There is another way of looking at the financial system. The financial system makes it easier to do business. People trade because they differ in what they want and want. Business

There can be trade in borrowings (giving up purchasing power now in exchange for future purchasing power), trading in risk (reducing the economic burden of risk through insurance and further transactions), and trade in goods. Everyone benefits from trade. Thus, the financial system has relationships with all and is interacting with each system, consciously, or unconsciously.

The financial system makes trading easier through its own techniques of payment (whether through credit or cash), lending techniques (through financial markets or direct lending) and risk techniques (contracts in insurance policies or futures markets). Technology basically refers to the instruments of institutions, markets, and financial systems.

The financial system is changing very fast. Changes are caused by two types of innovations. The first category of innovation facilitates meeting existing needs in new ways. An example is leasing, which enables the user to use it without purchasing the property. The second category of innovation uses existing technology to meet new needs. Securing financial assets is an example here. Extended funds are tied in the form of loans. These financial assets are secured to use such tied-up funds and liquid resources are mobilized to provide more lending.

Another dimension of the financial system in an economy is government. It is the government that follows the rules of the game for the financial system i.e. it dictates how markets operate, which permissible instruments are, and what are the barriers to operating financial intermediaries. There are two aspects of government intervention: one is ensuring efficiency in the system and the other is providing stability and confidence. A financial system is said to be efficient when the sum of all profits from risk, payment, and trade at risk are as large as they can be. An illiquid financial system requires a high degree of intervention and vice versa.

The government also interferes with the financial system to provide for its absence which breaks the system and can be disastrous. There should be a limit to government intervention. Excessive interference Mars innovations. Innovation in the financial system is the result of efforts to break out of restrictive rules. It is necessary to appreciate the role of the financial system or sector in an Economy. As the economy grows, the setup and operation of this system changes. The major role discussed earlier has been resource mobilization. An efficient financial system facilitates raising large amounts through small contributions from a large number of investors. A firm can raise Rs. Subscribed by investors with a minimum contribution of Rs 100 crore through the issue of 10 crore shares.

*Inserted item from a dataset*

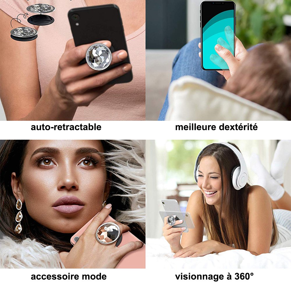 Ces poignées de téléphone brevetées stabilisent votre téléphone pendant les prises maladroites et garantissent une prise sûre sur n'importe quel appareil sans crainte de la chute redoutée ou d'un écran fissuré.
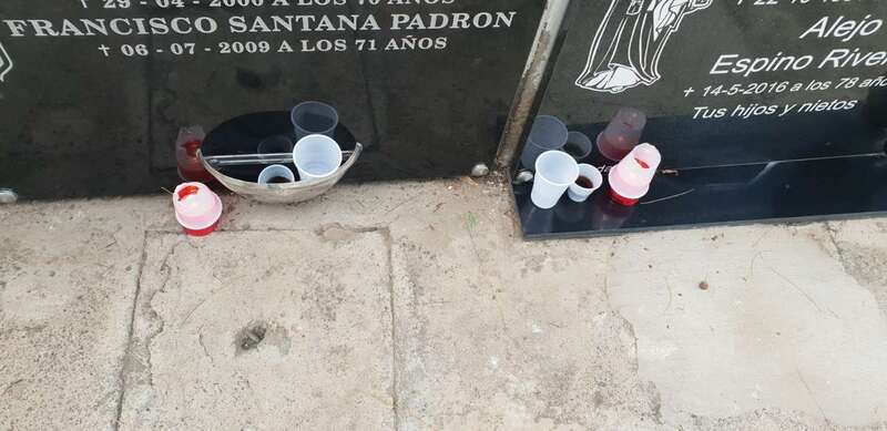 Telde.- Extraño hallazgo el que un vecino de Telde realizó este martes cuando visitaba el nicho de un familiar en el cementerio de San Juan. Se encontró con que alguien había depositado junto a muchas de las lápidas una vela roja cubierta por un vaso y dos recipientes de plástico con distintos líquidos sin determinar.

 Issue of minimum 200 shares of 2000 rupees. 10 each or through a mutual fund or financial institution. Large amounts can be raised from small investors. Instruments issued for fundraising may have maturity patterns that are different to what the investor needs. In such a situation, secondary markets emerge as a special part of the financial system. To reduce the risk associated with the investment, the financial system offers investors a wide variety of investment opportunities to diversify their investments, hence the risk.